De cela, nous ajouterons la notion de fétichisation de la marchandise chez Marx, engendrée par cette socialisation, le cadre relationnel se construit comme un espace hyperindividualisé, désunifiant l’individu de la société. Ils se lient plus encore au pulsionnel, à la marchandise et à la symbolisation du travail comme comblements de ces mêmes pulsions. Le langage est fétichisé à l’instar de la marchandise car il représente un moyen de se lier au monde bourgeois et petit-bourgeois. Consommer et respecter la norme linguistique, deux faces d’une même pièce aux croyances sous-bourgeois. Cette fétichisation de la langue c’est la symbolisation du langage comme un marché où la norme linguistique vient décider des valeurs des interactions. Plus précisément, le locuteur détenant les compétences linguistiques les plus proches de l’idéologie dominante est vu comme légitime dans l’interaction.
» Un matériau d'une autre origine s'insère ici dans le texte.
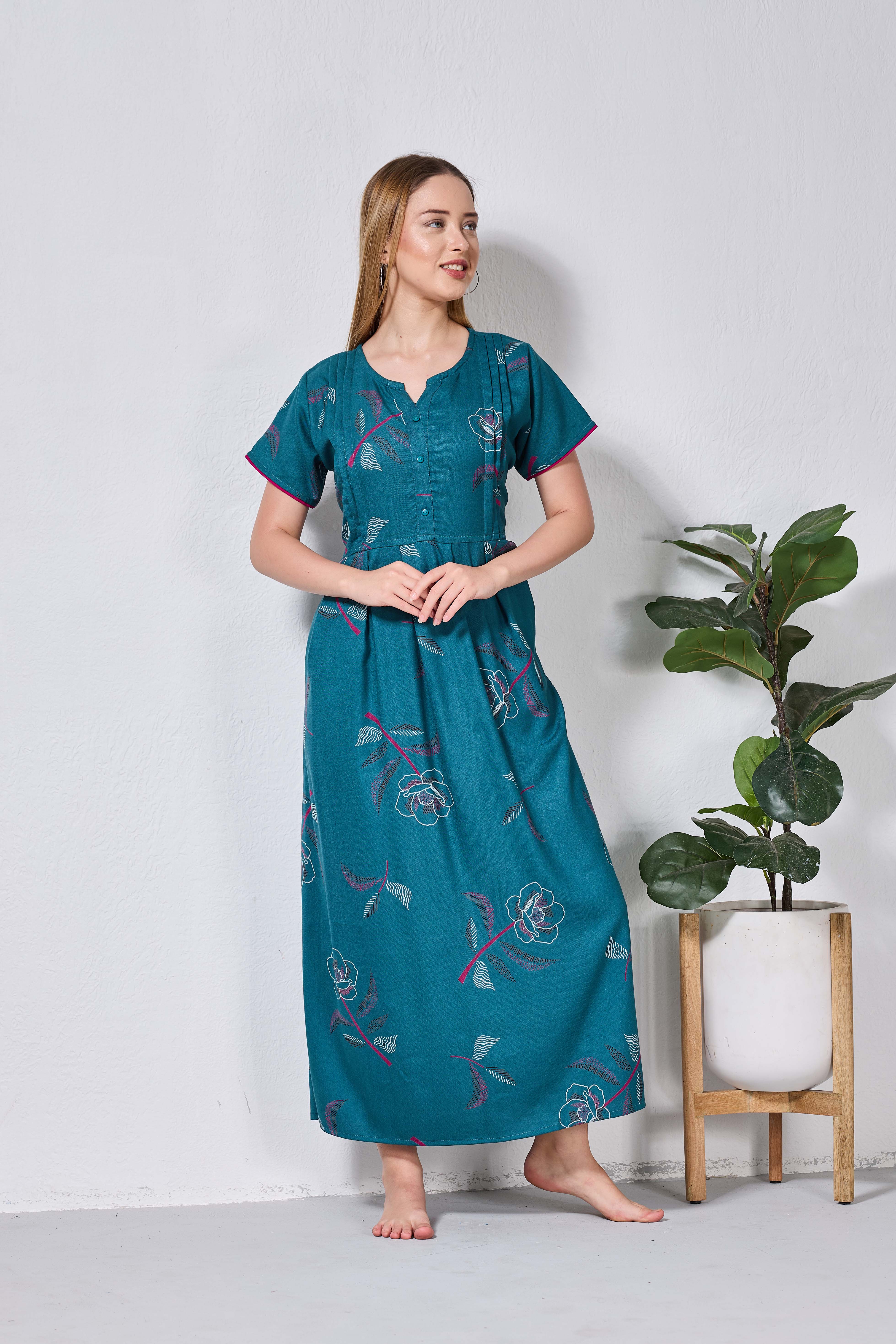 Featuring fancy Half sleeves that add a graceful touch and a stylish V-cut neckline for a flattering look, these nighties are crafted to enhance both comfort and confidence. The zipless model ensures a smooth, relaxed fit without any hassle, making it perfect for all-day and all-night wear.

L’émetteur se construit une position de force, et le récepteur subit un effet de censure du fait d’une expression perçue comme légitime. Les prix du marché linguistique se forment selon une norme donc, et celle-ci est anticipée dans le discours, que ce soit dans le fait de dire ou d’écouter. Cette anticipation forme un ensemble de présupposés symboliques, alors pas remis en questions et implicites dans le processus discursif, de ce fait l’interaction se construit comme une maximisation du profit symbolique destinée à l’évaluation de l’auditeur. Plus encore, selon le contexte du marché et donc des prix, un locuteur anticipant son discours par cet ensemble symbolisé se trouvera illégitime, alors s’auto-censurera car la valeur symbolique de sa parole ne paraîtra pas suffisante devant un tel contexte ou telle personne. Se forme de ce fait un capital linguistique, où le locuteur le plus proche de la valeur du prix (de la norme linguistique), sera plus légitime et sera fantasmé par un profit de distinction du fait de ses accointances avec la valeur symbolique de son discours. Ainsi, les productions linguistiques se forment selon un rapport économique où les lois de formations des prix du marché linguistique se forment au travers de différents champs institutionnalisés.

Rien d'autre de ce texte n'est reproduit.